Dans la nouvelle classification des céphalées de 20044 les céphalées
cervicogènes sont regroupées dans deux groupes : le cinquième et le onzième.
Physiopathologie des céphalées cervicogéniques
Plusieurs facteurs expliquent la pathophysiologie des céphalées d'origine
cervicale. La nuque contient des nocicepteurs au niveau des articulations, des
ligaments, du périoste du rachis, des muscles cervicaux, des artères, de la duremère médullaire, des jonctions entre l'atlas et l'axis et entre l'atlas et l'occiput et
de l'anneau fibreux des disques intervertébraux. Les influx nociceptifs provenant
de ces structures sont véhiculés par les racines et les nerfs rachidiens ; la
convergence des influx nerveux des trois premières racines cervicales se fait sur
le noyau spinal du trijumeau qui descend jusqu'au niveau C2-C4 de la moelle
épinière. Cette voie afférente rend compte de la possibilité de survenue de
céphalées lors de certaines pathologies de la région cervicale.5 Une étude
expérimentale 6 a pu établir que les stimulations appliquées aux racines
sensitives cervicales déclenchent des potentiels évoqués dans les structures
trigéminées centrales. Il existe aussi des anastomoses entre les branches
tentorielles de la branche ophtalmique du nerf trijumeau et les branches
postérieures de C1. La stimulation de ces voies déclenche une douleur référée à
la région orbito-frontale du vertex.7
Critères pour le diagnostic d'une céphalée d'origine cervicale
Les critères diagnostiques qui permettent d'identifier l'origine cervicale d'une
céphalée font encore l'objet de controverses.

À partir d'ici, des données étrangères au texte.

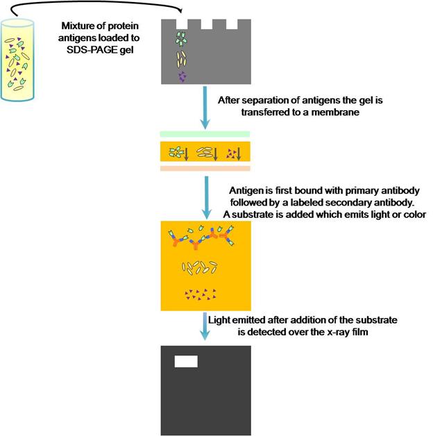 It is the most popular and widely used method to identify and determine the size of an unknown protein. The mixtures of protein are first subjected to an SDS-PAGE, so that the proteins can be separated based on their size. The gel is then transferred in to a nitrocellulose membrane in a way to represent its exact replica. Protein band on the membrane is then detected by binding an antibody specific to that protein followed by a labeled secondary antibody which binds to the first antibody. The second antibody is labeled with an enzyme that generates chemiluminescent signals which can be detected over the x-ray film. The sensitivity and specificity of western blot can be increased by purifying the proteins first with Immunoprecipitation assay.
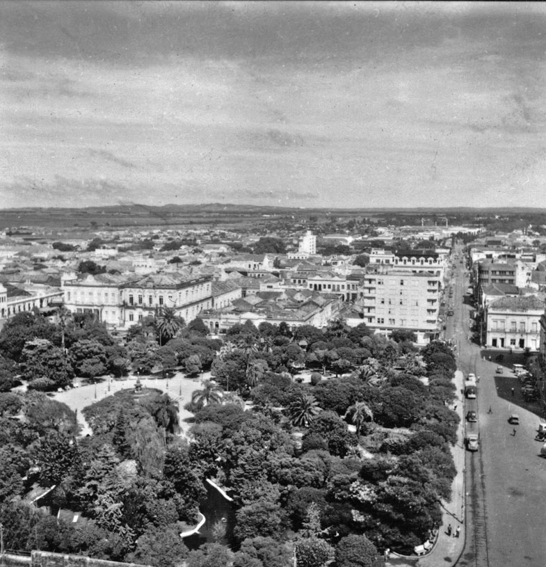 Assuntos: Automóveis; Edifícios comerciais; Pelotas (RS); Pessoas; Praças; Rio Grande do Sul; Ruas; Vegetação e clima; Vistas panorâmicas
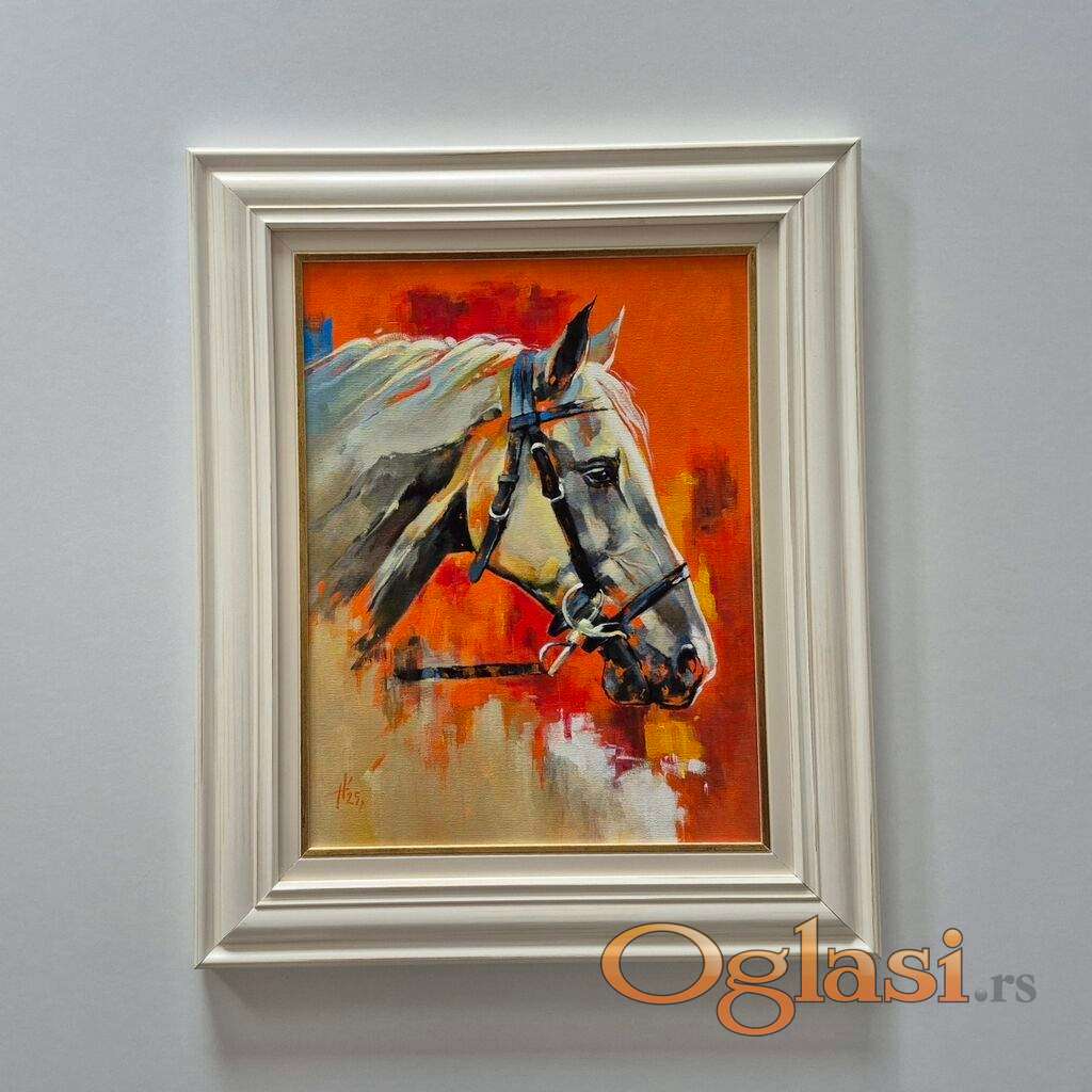 Ulje na platnu Slika konja, broj deset. Prelepo umetnicko delo. Akademski slikar. Slika je uramljena u jako lep, luksuzan ram. Dimenzije slike sa ramom 61 x 51. Privatna kolekcija.
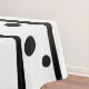 Tela de mesa blanca con motivos geométricos modernos con puntos de polka negro y bordes rayados. Formas circulares de moda durante los meses de verano o en cualquier época del año. Visita mi tienda para encontrar accesorios de vajilla a juego. Diseños originales © TamiraZDesigns. www.zazzle.com/tamirazdesigns
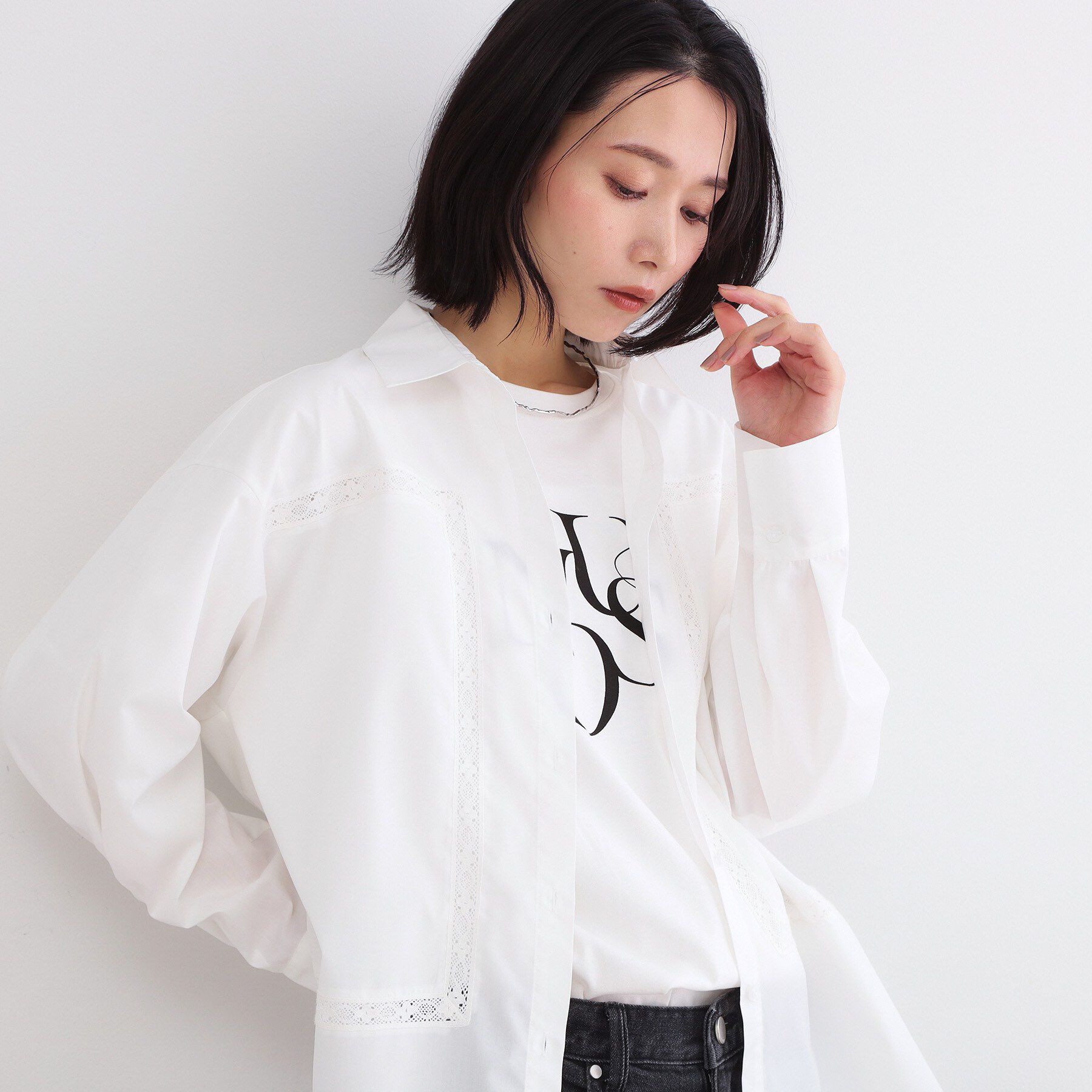 レースのトリミングがポイント!羽織りにもおすすめのデザインシャツ【デザイン】・一枚着としても、羽織りとしても、レイヤード用にも活躍する、着回し力◎の.. |
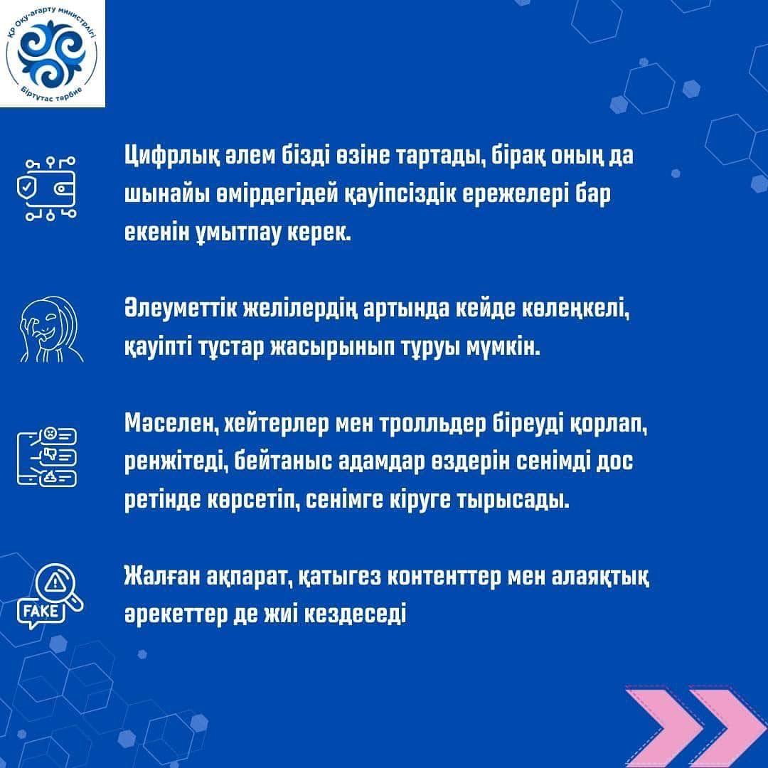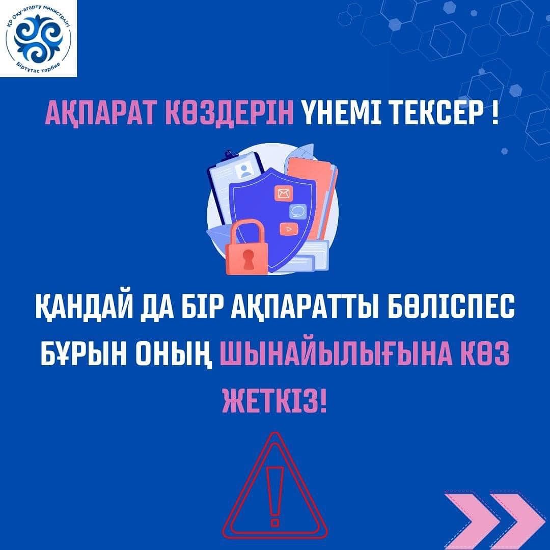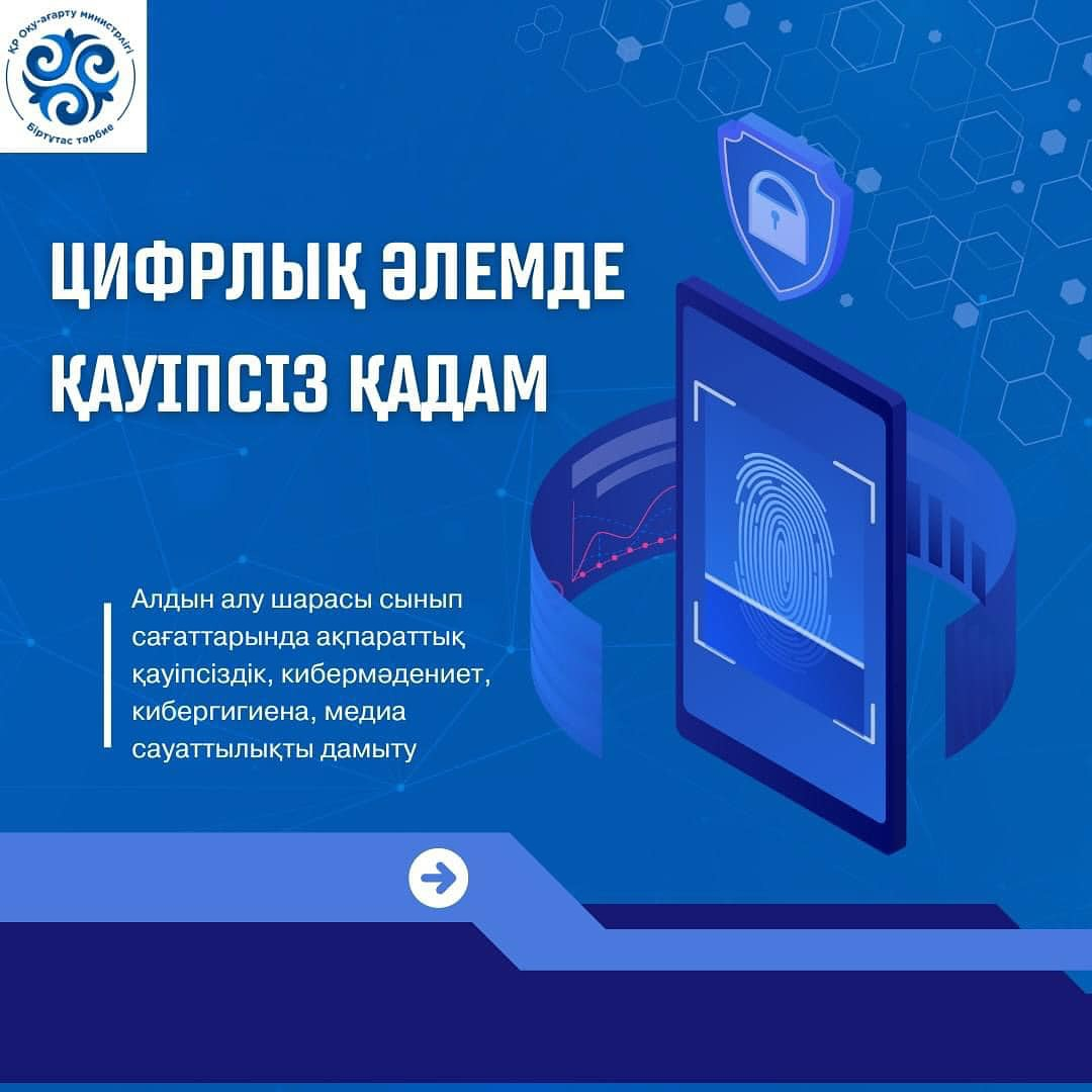 #Біртұтас_тәрбие бағдарламасы шеңберінде “Цифрлық әлемде қауіпсіз қадам” алдын алу шарасы жоспарланған. Алдын алу шарасы сынып сағаттарында ақпараттық қауіпсіздік, кибермәдениет, киберги…

Selon les critères de Sjastaad et coll.8 on peut retenir les données anamnestiques
suivantes :
Unilatéralité ou bilatéralité de la douleur ressentie dans la nuque et la région
occipitale, qui peut irradier vers la région frontale et orbitaire, les tempes et le
vertex.
Déclenchement lors du maintien de certaines postures cervicales.
Céphalées non fréquentes, sans crises rapprochées, souvent d'une certaine
durée.
Accentuation de la douleur par la toux, l'éternuement et l'effort.
Soulagement de la douleur par un bloc anesthésique de C2 ou du grand nerf
occipital.
Cette description est toutefois dénuée de spécificité et ne permet pas de
distinguer la céphalée d'origine cervicogène d'une céphalée primaire, voire d'une
migraine ou d'une céphalée de type tensionnel.
Pour affirmer le diagnostic, il est indispensable de s'appuyer sur les données de
l'examen clinique et des documents radiologiques.
A l'examen clinique, on tient compte en particulier des points suivants :
* Douleurs à la nuque et à la région occipitale précipitées ou aggravées par des
mouvements particuliers de la nuque ou par une attitude vicieuse soutenue de la
nuque.
* La douleur peut être reproduite par la pression de la région occipitale ou
cervicale haute unilatérale ou bilatérale.
* Constatation d'une résistance ou limitation lors des mouvements passifs de la
nuque.
* Présence d'une hypertrophie des muscles de la nuque, d'une contracture
musculaire, de modifications du tonus musculaire ou, le plus souvent,
constatation d'une réponse douloureuse lors d'un étirement actif ou passif.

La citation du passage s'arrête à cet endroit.